_TASK:_
Make a verbatim copy of the records; pictures stay out.

_RECORDS PROVIDED:_

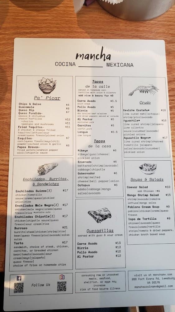 Welcome to Mancha Cocina Mexicana, where the vibrant flavors of Mexico come alive! Located at 200 Fort Evans Rd NE, Leesburg, VA, our restaurant offers a relaxed atmosphere perfect for lunch, dinner, or solo dining. Enjoy excellent cocktails and a wide selection of beers while savoring our delicious local specialties. Whether you choose to dine in, take out, or have it delivered, you’ll experience quick service and delightful dishes that are easy to share. With accessibility features and a kid-friendly menu, we cater to everyone. Join us for a memorable meal that celebrates the essence of Mexican cuisine!
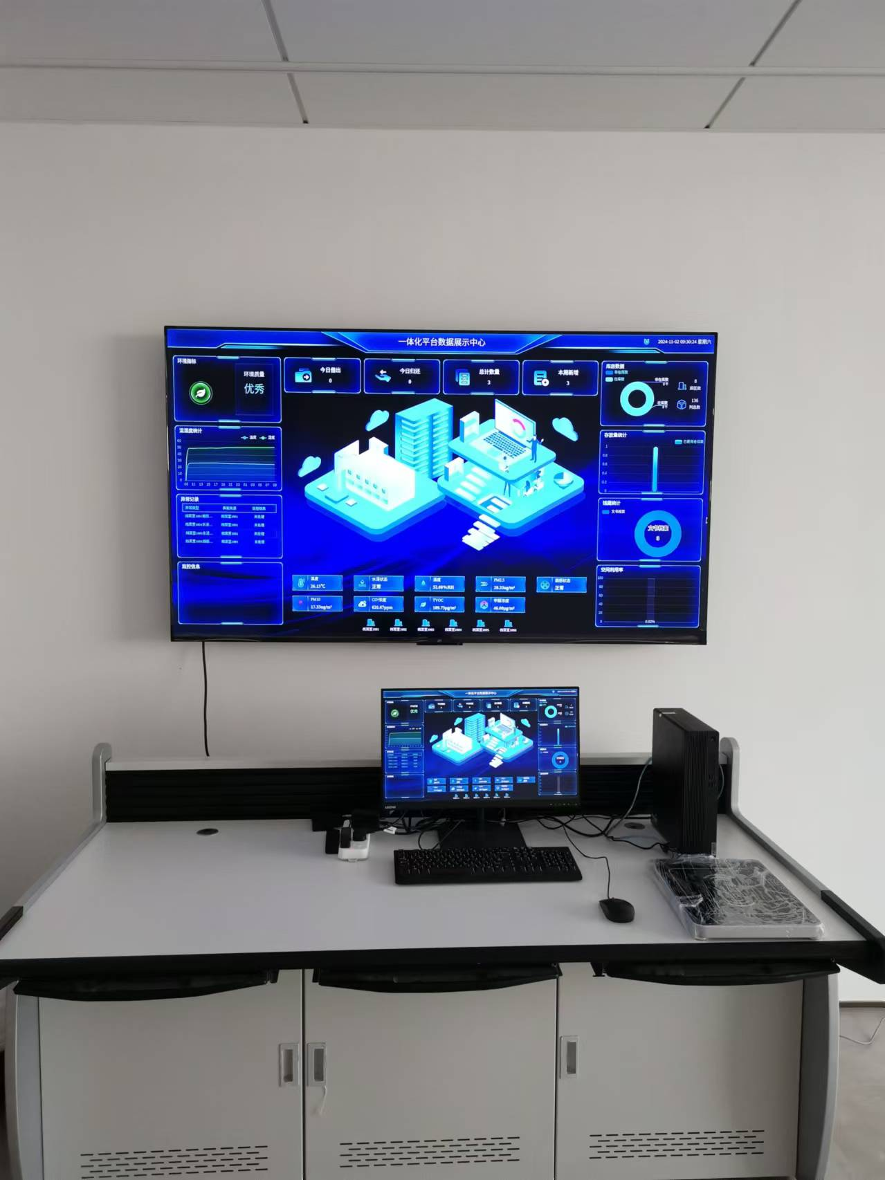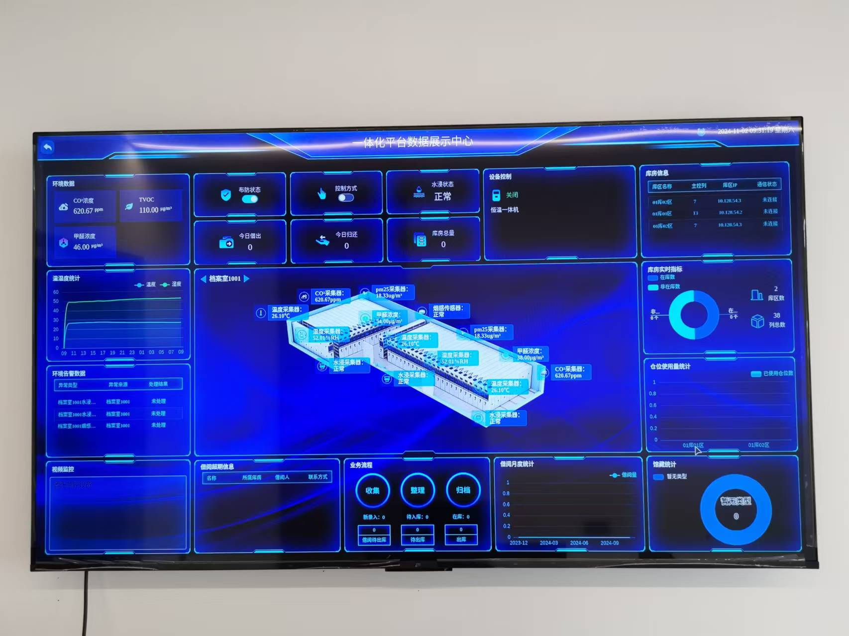 通过液晶显示大屏来展示环境数据信息、档案位置的引导信息、设备报警信息等。
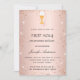 Eine Rose goldener Hintergrund. Dekoriert mit Rose Gold Konfetti, einem Kalice und einem Gastgeber. Personalisieren und fügen Sie einen Namen und Details. Der Name wird mit einem handgeschriebenen Stilskript geschrieben
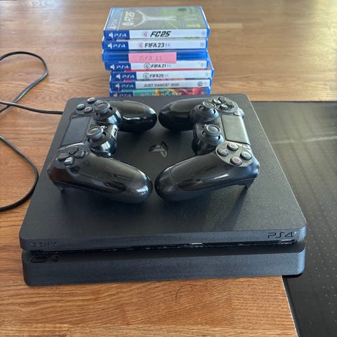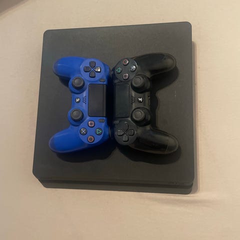 PlayStation 4 Slim 500GB spillkonsoll med tilhørende kontroller. Selges fordi den ikke blir brukt.
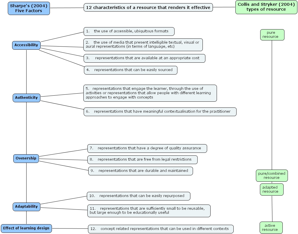 sharpes factors, 11. representations that are sufficiently small to be reusable, but large enough to be educationally useful, 12. concept related representations that can be used in different contexts , 5. representations that engage the learner, through the use of activities or representations that allow people with different learning approaches to engage with concepts, adapted resource , 6. representations that have meaningful contextualisation for the practitioner , 12 characteristics of a resource that renders it effective, adaptability, 3. representations that are available at an appropriate cost , pure resource , 7. representations that have a degree of quality assurance , 9. representations that are durable and maintained , sharpe's (2004) five factors, pure combined resource, 1. the use of accessible, ubiquitous formats , effect of learning design, ownership, collis and stryker (2004) types of resource, 4. representations that can be easily sourced , 8. representations that are free from legal restrictions , 10. representations that can be easily repurposed , 2. the use of media that present intelligible textual, visual or aural representations (in terms of language, etc), authenticity, accessibility, active resource
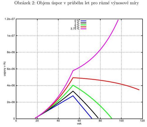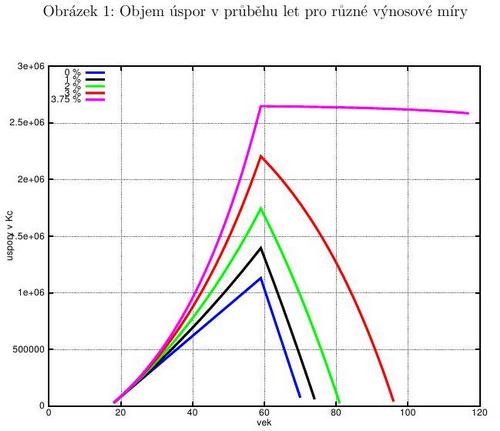 Situace se ukáže být mnohem příznivější, pokud začneme kalkulovat s nenulovým výnosem. Pro ten účel si označíme objem úspor v nějakém roce jako s_k, reálný výnos jako i, roční příjem jako Y a poměr ročních odvodů a ročního příjmu (0.28) jako r. Potom dostaneme za určitých neškodných zjednodušení následující posloupnost pro výši úspor v letech před a po odchodu do penze.
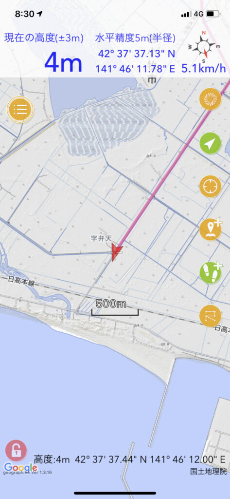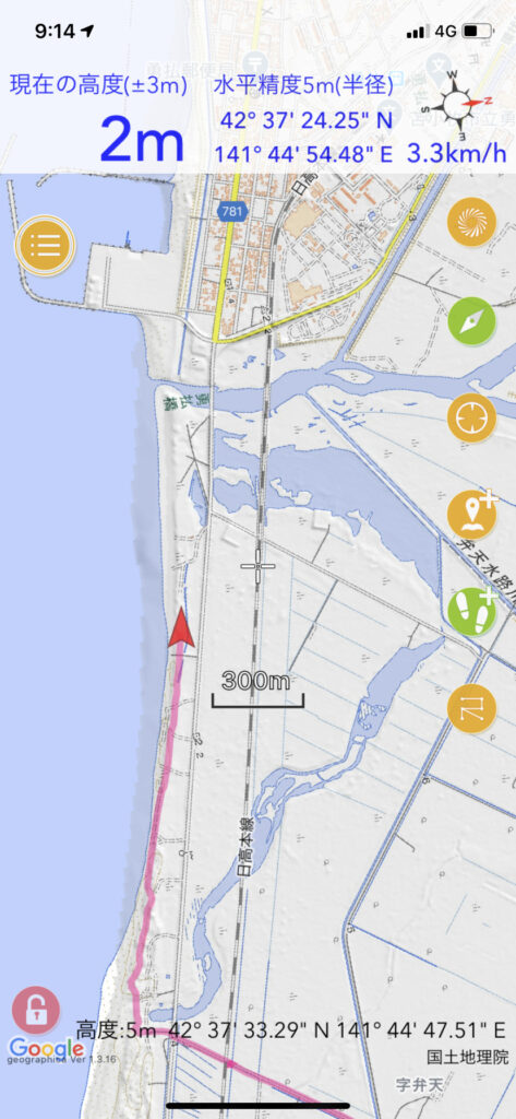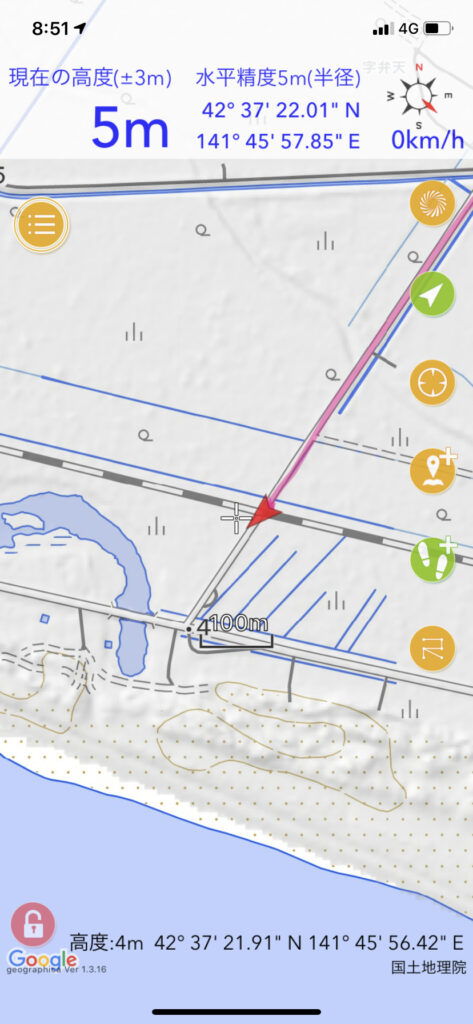 ▼海岸まで5kmの直線
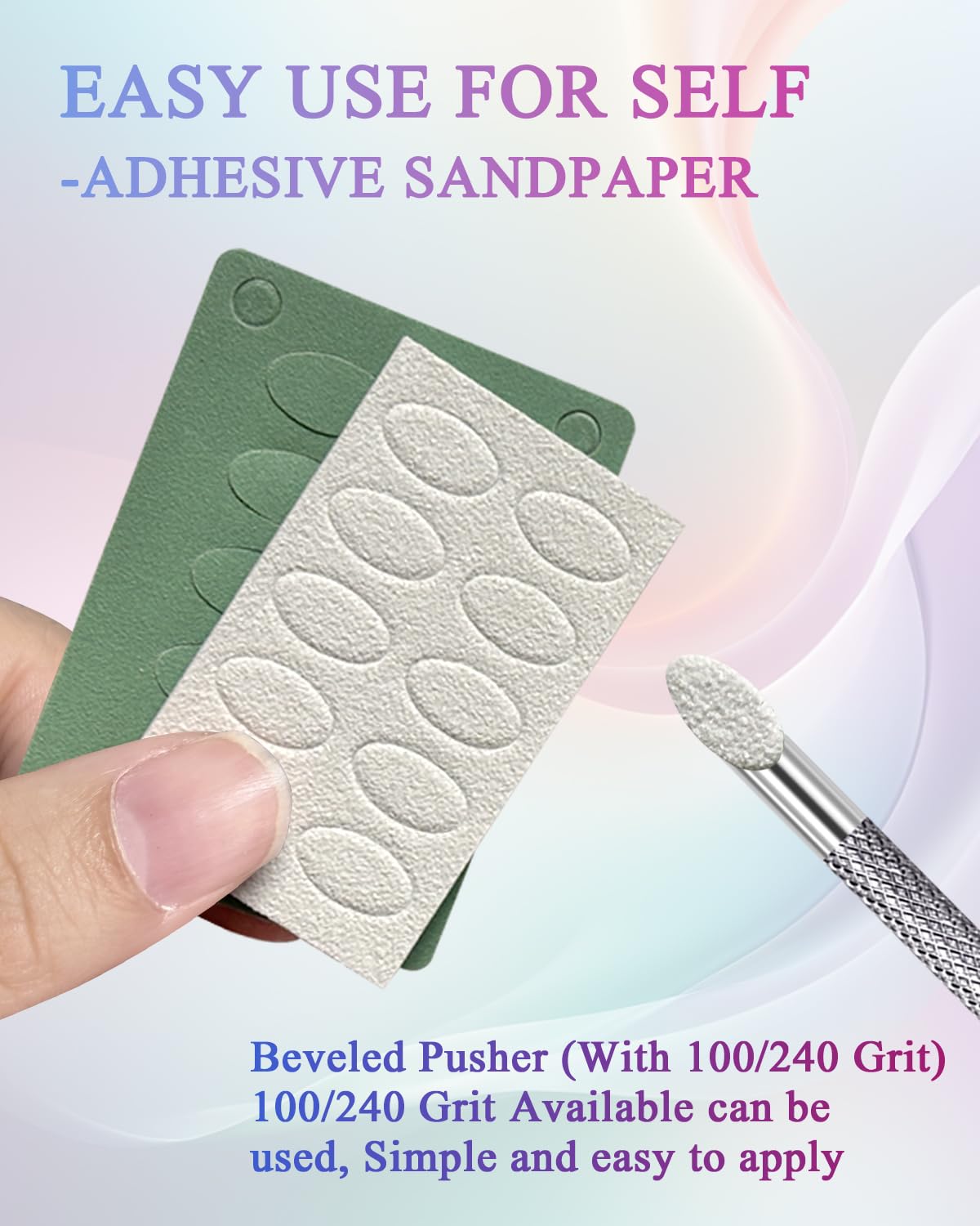 - Professional Cuticle Care Tool - Dual Ended Cuticle Remover with self-adhesive 100#/240# grit to effectively clean nail dirt, offering a safe and efficient disposable nail file solution. Ideal for gel polish removal, Care for Cuticles, and nail preparation, meeting the needs of both beginners and professionals.

_FINISHED TASK:_
 Welcome to Mancha Cocina Mexicana, where the vibrant flavors of Mexico come alive! Located at 200 Fort Evans Rd NE, Leesburg, VA, our restaurant offers a relaxed atmosphere perfect for lunch, dinner, or solo dining. Enjoy excellent cocktails and a wide selection of beers while savoring our delicious local specialties. Whether you choose to dine in, take out, or have it delivered, you’ll experience quick service and delightful dishes that are easy to share. With accessibility features and a kid-friendly menu, we cater to everyone. Join us for a memorable meal that celebrates the essence of Mexican cuisine!
 通过液晶显示大屏来展示环境数据信息、档案位置的引导信息、设备报警信息等。
 Eine Rose goldener Hintergrund. Dekoriert mit Rose Gold Konfetti, einem Kalice und einem Gastgeber. Personalisieren und fügen Sie einen Namen und Details. Der Name wird mit einem handgeschriebenen Stilskript geschrieben
 PlayStation 4 Slim 500GB spillkonsoll med tilhørende kontroller. Selges fordi den ikke blir brukt.
 sharpes factors, 11. representations that are sufficiently small to be reusable, but large enough to be educationally useful, 12. concept related representations that can be used in different contexts , 5. representations that engage the learner, through the use of activities or representations that allow people with different learning approaches to engage with concepts, adapted resource , 6. representations that have meaningful contextualisation for the practitioner , 12 characteristics of a resource that renders it effective, adaptability, 3. representations that are available at an appropriate cost , pure resource , 7. representations that have a degree of quality assurance , 9. representations that are durable and maintained , sharpe's (2004) five factors, pure combined resource, 1. the use of accessible, ubiquitous formats , effect of learning design, ownership, collis and stryker (2004) types of resource, 4. representations that can be easily sourced , 8. representations that are free from legal restrictions , 10. representations that can be easily repurposed , 2. the use of media that present intelligible textual, visual or aural representations (in terms of language, etc), authenticity, accessibility, active resource
 Situace se ukáže být mnohem příznivější, pokud začneme kalkulovat s nenulovým výnosem. Pro ten účel si označíme objem úspor v nějakém roce jako s_k, reálný výnos jako i, roční příjem jako Y a poměr ročních odvodů a ročního příjmu (0.28) jako r. Potom dostaneme za určitých neškodných zjednodušení následující posloupnost pro výši úspor v letech před a po odchodu do penze.
 ▼海岸まで5kmの直線
 - Professional Cuticle Care Tool - Dual Ended Cuticle Remover with self-adhesive 100#/240# grit to effectively clean nail dirt, offering a safe and efficient disposable nail file solution. Ideal for gel polish removal, Care for Cuticles, and nail preparation, meeting the needs of both beginners and professionals.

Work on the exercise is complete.